Estremera: A century-long vision

Spider’s web

THERE is something about the Chinese that would want you to peer closer: the way they fix their sights a century ahead.

While Filipinos do five-year, ten-year short-range and medium-range programs and call 25-year development program as long-range, the Chinese’ default mode is that anything they do is for the next 100 years. Think Great Wall of China.

I noticed that during interactions with Chinese government officials and quasi-government company officials in 2017, in a visit to Beijing, Ningbo, and Shanghai.

There we were able to ride the very smooth maglev train for six hours bringing us from Beijing to Ningbo. We also crossed the 35-kilometer Hangzhou Bay Bridge, the 12th longest trans-oceanic bridge in the world.

Talking with the officials of these facilities, “designed for a hundred years” was often said. Since we were interacting with government facilities providers, I thought that was how government thinks.

That was until we mingled with private sector entrepreneurs and their officials in my recent trip to Beijing and Chongqing.

It’s the psyche of the Chinese and not just government.

I’m glad former President Jimmy Carter spoke up along the line of my thoughts, lest the rabid Yellows who no longer want to wear yellow will brand me as certified Dutertard for speaking well about China.

“How many miles of high-speed railroad do we have in this country?” Carter was quoted as asking during his Sunday School lesson at Maranatha Baptist Church in his hometown of Plains, Georgia.

He pointed out that while China has some 18,000 miles of high-speed rail, the US has “wasted, I think, $3 trillion” on military spending.

He also pointed out that since 1979 when he was the US President, China has not gone to a single war while the US has stayed in war, and only enjoyed 16 years of peace in 242 years.

“China has not wasted a single penny on war, and that’s why they’re ahead of us.

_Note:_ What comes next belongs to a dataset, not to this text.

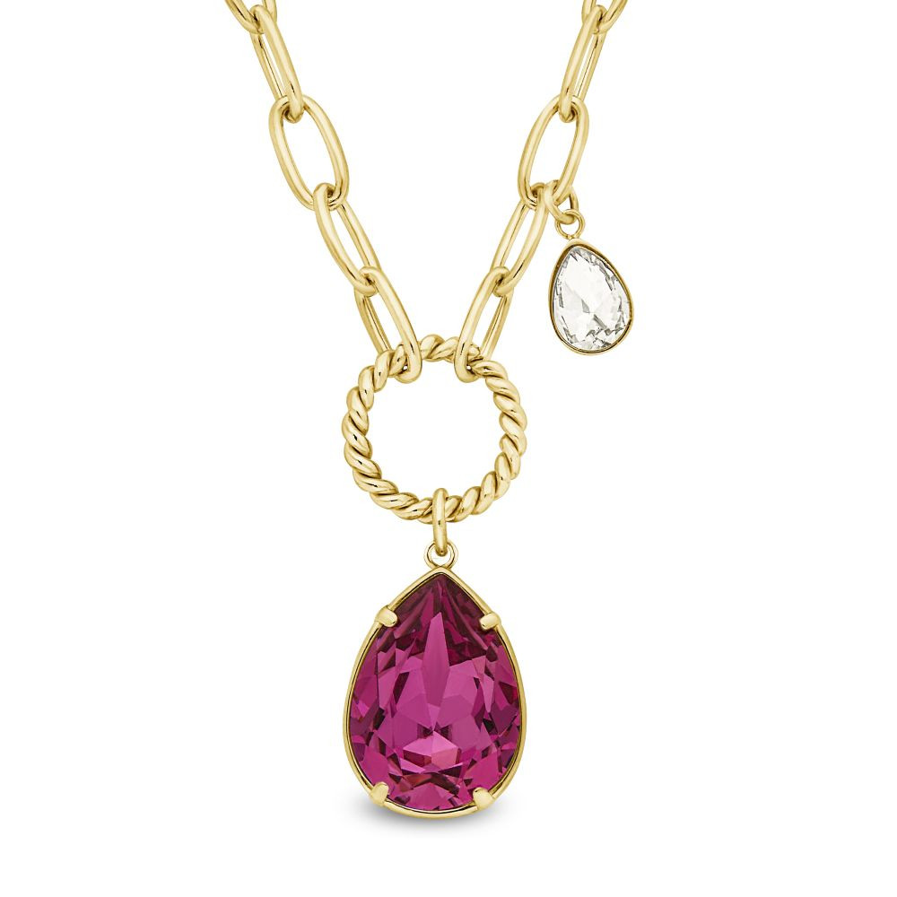 With its faceted teardrop and twisted gold ring, the ILLUSION necklace combines modern design with glamorous appeal. Its intense pink hue and refined gold plating make it the perfect accessory to enhance a chic outfit, whether it's a daytime look or an elegant evening ensemble.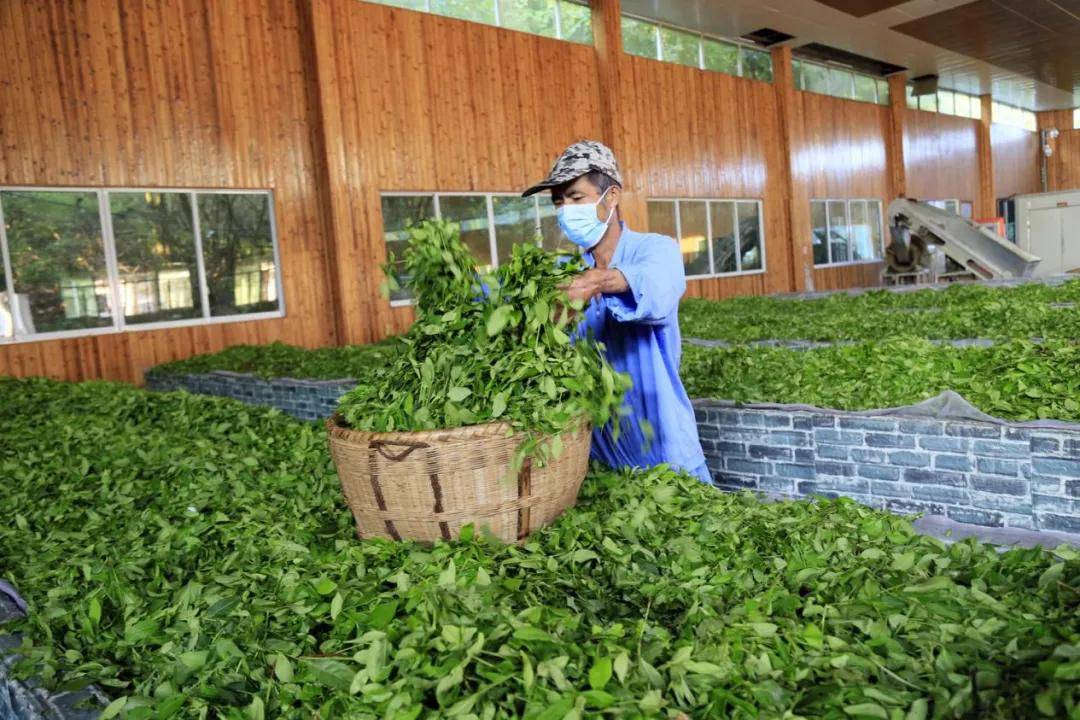 图为近日,贵州省凤冈县洪成金银花茶业有限公司生产车间,工人在摊凉红茶原料。

In almost every way,” he said.

I’m glad Carter said that because I have long wanted to say that, but the rabid anti-Chinese Philippine media would just love to lynch me. Now, go argue with Carter! I will just tell you this story.

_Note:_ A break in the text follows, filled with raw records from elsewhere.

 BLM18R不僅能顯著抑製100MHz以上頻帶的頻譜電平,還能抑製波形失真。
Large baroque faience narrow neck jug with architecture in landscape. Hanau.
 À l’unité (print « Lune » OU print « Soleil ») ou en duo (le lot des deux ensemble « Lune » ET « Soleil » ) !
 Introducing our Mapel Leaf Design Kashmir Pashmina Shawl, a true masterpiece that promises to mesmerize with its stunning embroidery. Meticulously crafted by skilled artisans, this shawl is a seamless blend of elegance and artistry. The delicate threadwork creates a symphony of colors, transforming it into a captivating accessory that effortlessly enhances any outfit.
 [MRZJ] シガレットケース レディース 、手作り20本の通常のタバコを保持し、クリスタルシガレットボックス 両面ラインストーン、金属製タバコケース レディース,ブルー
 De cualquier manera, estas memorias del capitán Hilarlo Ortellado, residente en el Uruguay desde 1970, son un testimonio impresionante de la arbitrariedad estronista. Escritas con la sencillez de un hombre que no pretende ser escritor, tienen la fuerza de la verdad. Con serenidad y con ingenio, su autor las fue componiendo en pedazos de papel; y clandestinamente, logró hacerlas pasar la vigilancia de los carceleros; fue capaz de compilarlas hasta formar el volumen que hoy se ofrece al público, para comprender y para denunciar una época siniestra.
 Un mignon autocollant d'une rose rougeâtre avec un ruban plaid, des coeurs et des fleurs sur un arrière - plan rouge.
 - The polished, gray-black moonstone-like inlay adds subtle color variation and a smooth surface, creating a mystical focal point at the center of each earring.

Zongshen is a motorcycle brand in China. It was started as a motorcycle repair shop by Zuo Zongshen in Wangjiaba in 1982. A repair shop. Think of the motorcycle repair shops here and how their owners look like.

Ten years later in 1992, Zongshen registered the Zongshen Motorcycle Technology Development Co. Ltd. producing Zongshen brand motorcycle engines. Recall your dad’s or uncle’s mekaniko for their motorcycles ten years ago and where are they now?

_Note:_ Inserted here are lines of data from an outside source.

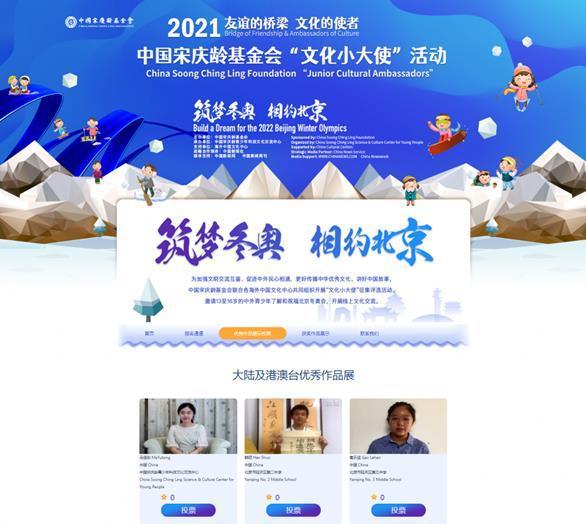 为加强文明交流互鉴、促进中外民心相通,更好传播中华优秀文化、讲好中国故事,中国宋庆龄基金会联合海外中国文化中心及相关合作机构共同举办“文化小大使”评选活动,邀请中外青少年以线上方式开展文化交流。2021年度活动主题为“筑梦冬奥、相约北京”,共收到来自32个国家的209名青少年的优秀作品。活动将在北京冬奥会倒计时100天时开始进行网络投票和专家评审环节,评出的“文化小大使”将有机会参与一系列丰富多彩的中外青少年人文交流活动。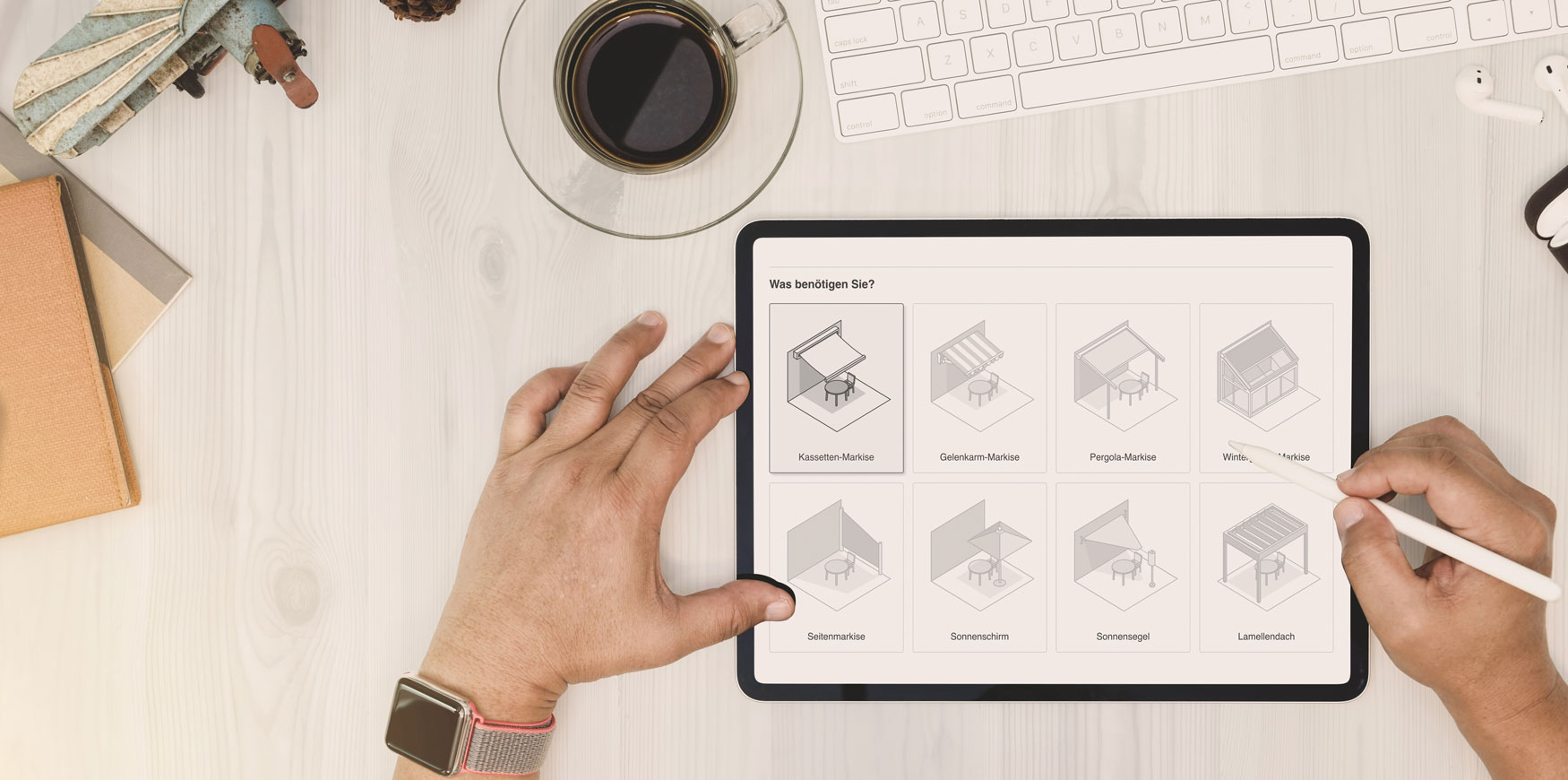 Erleben Sie mit unserer preisgekrönten AR-App alle Outdoor Living Produkte über ihr Tablet oder Handy direkt auf ihrer Terrasse.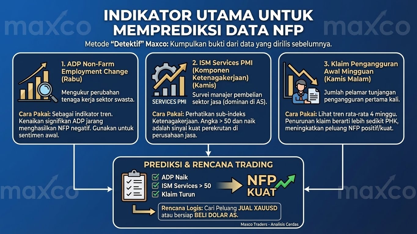 Bagaimana cara mendapatkan gambaran angka NFP sebelum hari Jumat? Trader Maxco dapat menggunakan metode “detektif” dengan mengumpulkan bukti dari data-data yang rilis lebih awal. Berikut adalah indikator pendahulu (Leading Indicators) yang paling akurat: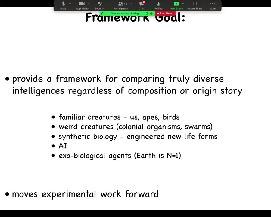 The goal of my framework is this. What I would like to do is to enable comparing truly diverse intelligences. This means not only the things that we're all used to, complex animals, apes and birds, but also weird creatures such as colonial organisms and swarms, but also synthetic biology and its products, so engineered novel life forms, software agents that arise out of artificial intelligence work, and possibly any exobiological agents, because the Earth's biosphere is, of course, an example of N = 1. If we find something else, we ought to be able to deal with it. This is what I would like to do, is to have a framework that applies to any of these things, and also that helps move experimental work forward. I'm going to talk about this in three pieces. First, the introduction where I want to broaden a little bit the way we think about the subjects of cognition. I'm going to talk about how the subject of intelligence and cognition is really plastic. Then we'll talk about this framework, which we call the Technological Approach to Mind Everywhere or TAME. Then we'll talk about some data that shows how this thing works.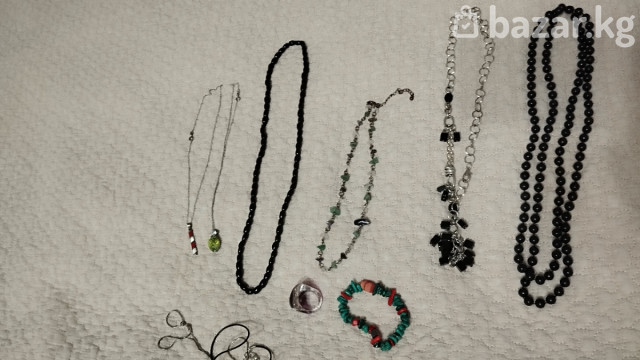 Здесь есть серебренные украшения, натуральные камни агаты, и другие украшения. По отдельности продаётся. Есть новые и б/у.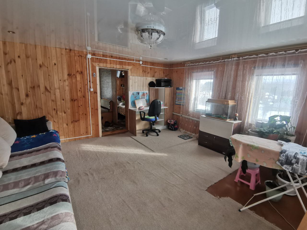 В доме сделан ремонт. Стены изнутри обшиты евровагонкой. Дом очень светлый.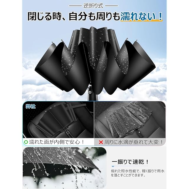 超人気濡れない「逆折り式傘」。☂【濡れない逆折り式傘&カバー付き】通常の傘は濡れた部分が外側になりますが、逆折り式傘は、閉じたときに濡れた部分が内側になるというユニークな傘。手が濡れない傘として大人気です。閉じる際に手が濡れにくく、人混みや電車の中でも、まわりが濡れないように気を遣う必要がないです。衣服・荷物・車のシートなどを濡らしたくないときにも便利です。さらに、高撥水生地を採用し、水をはじきやすく、軽く振るだけで雨水を落とすことができます。カバーや袋付きなので、使用後すぐにカバンに収納できます。ホコリや汚れから傘をガードできるほか、使ったばかりの傘をしまっても服やバッグを濡らしません。より一層便利さが進化した折り畳み傘です。電車やバスなど公共交通機関を利用する方におすすめです。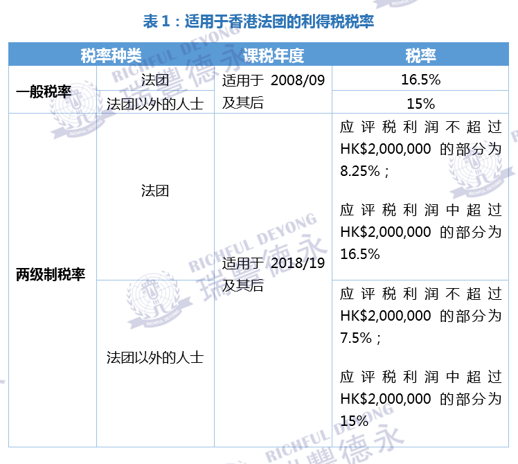 香港政府為了提升國際競爭力及促進經發展,在維持原有一般法團適用的稅率16.5%及法團以外的業務適用的標準稅率15%的基礎上,自2018年4月1日開始實行利得稅級兩級制。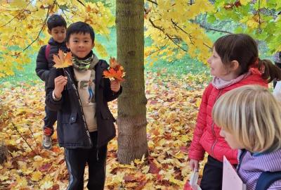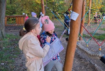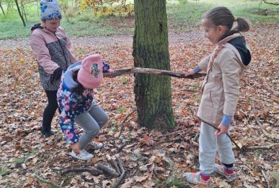 Stavěli jsme z přírodnin domečky, zkoumali stromy a plnili úkoly na podzimní stezce.

Today, Zongshen not only makes its full range of motorcycles but also has its racing team, manufactures farm equipment like tractors, and drones for all types of applications. Its vision for its unassisted flight vehicles? “Become the leading enterprise of Chinese general aviation industry.”

One thing I have seen: the Chinese have long-range vision and they just keep moving forward and upward, unaffected by the quibbles and squabbles that Filipinos love so much. And that’s just the summary. We haven’t scrutinized Zongshen’s whole product lines yet and I haven’t even introduced you to JD.com. Later!

By the way, where’s your mekaniko now?